Protesters storm Brazil Congress, call for military coup
(last modified Thu, 17 Nov 2016 13:33:31 GMT )
Nov 17, 2016 13:33 UTC
  • Demonstrators in favor of a military intervention in Brazil storm the lower house building in Brasilia, November 16, 2016
    Demonstrators in favor of a military intervention in Brazil storm the lower house building in Brasilia, November 16, 2016

Dozens of protesters in Brazil have stormed the building housing the country’s lower house of Congress, calling for a military coup to topple the government.

Demonstrators, numbering around 60, stormed the chamber on Wednesday following a day of protests in the Brazilian capital, Brasilia, and Rio de Janeiro over what they called endemic government corruption in the country.

Chanting “General here, general here,” in apparent support for a takeover by the army, the protesters smashed a glass door to enter the lower house and clashed with the legislature’s guards.

All of the demonstrators were later detained by police.

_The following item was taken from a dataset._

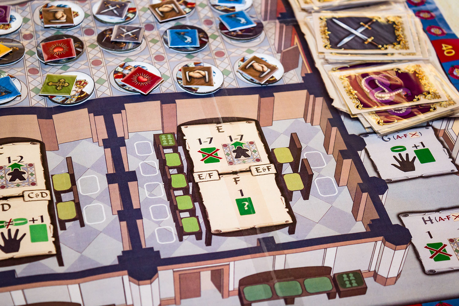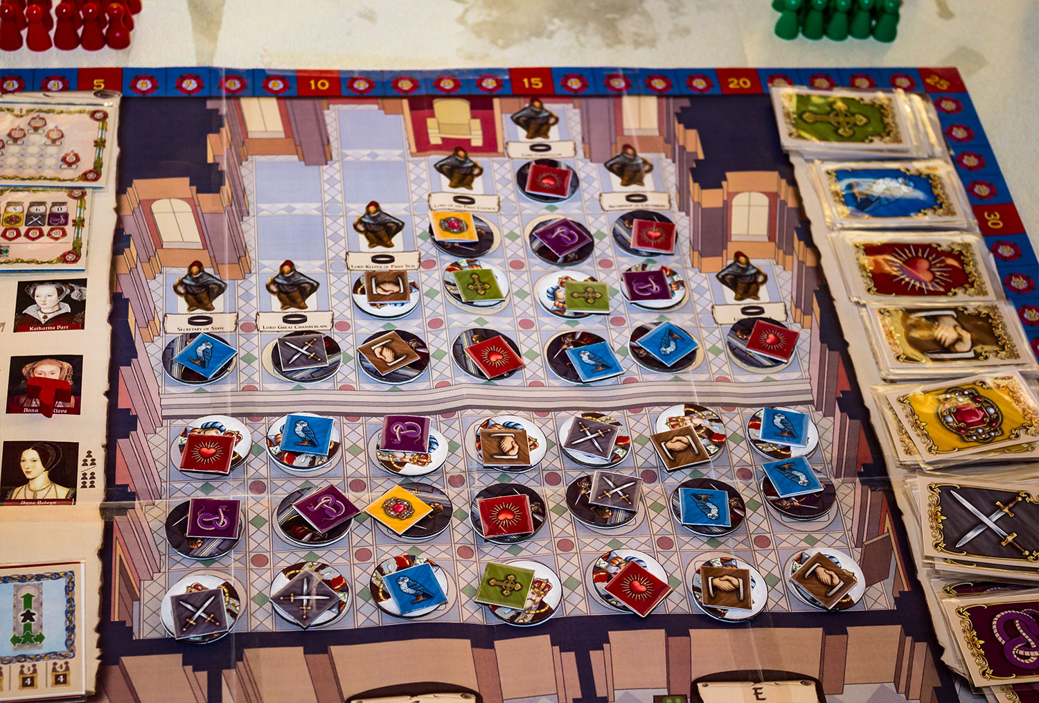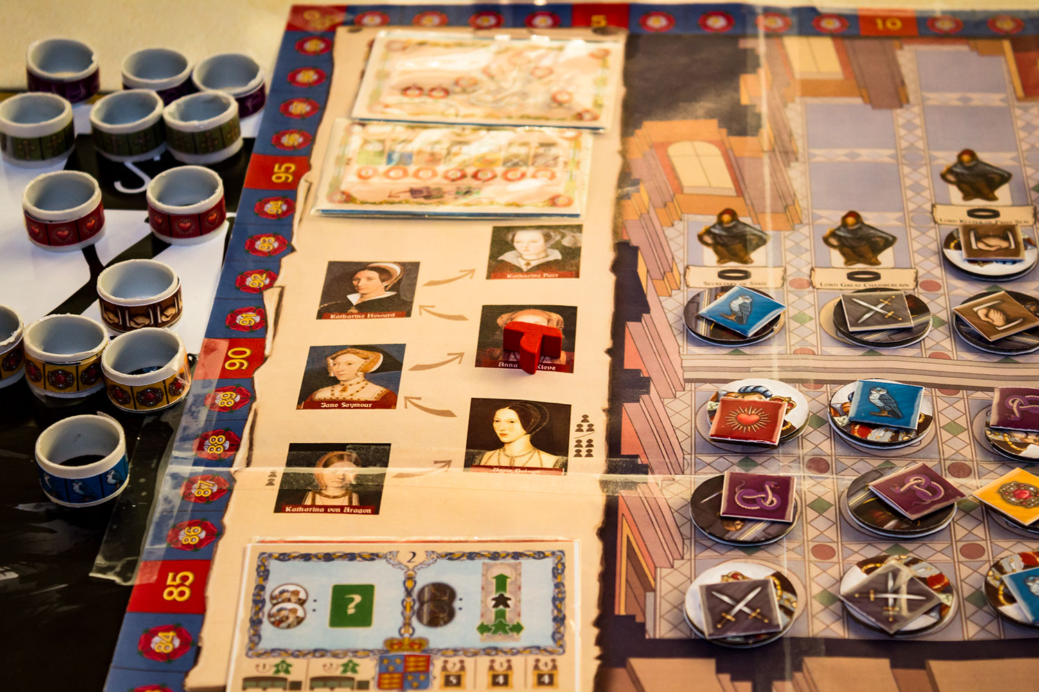 Die kommende Neuheit "Tudor" soll noch in der ersten Jahreshälfte 2018 in der Spieleschmiede starten und später bei Corax Games verkauft werden. In Ratingen war ein weiter entwickelter Prototyp zu sehen. Dieser warschon deutlich anders, als der am Corax Tag 2017 gezeigte Prototyp.

In Rio de Janeiro, riot police used teargas, water cannons and rubber bullets to disperse the more than 2,000 people who had taken to the streets protesting austerity measures, including budget reforms, planned by the center-right government of President Michel Temer.
The demonstrators believe the measures are a consequence of a massive political kickback scheme that has recently plunged the country into chaos.

Alexandre Parola, a government spokesman, called the protest an “affront” and said it was a “violation of the norms of democratic coexistence.”

This comes as several officials who served in the last two governments have been arrested as part of a massive probe into the corruption scandal involving the state-owned oil company Petrobras.

Temer took office after elected-president Dilma Rousseff was impeached and dismissed over a series of allegations of financial wrongdoing and breaking budget laws.

Among the main elements of Temer’s reform plans, which he says are needed to balance Brazil’s overdrawn government accounts and to plug the country’s widening fiscal deficit, is an overhaul in the pension system.

The country is reeling from its worst recession on record and a fiscal deficit of more than ten percent of gross domestic product.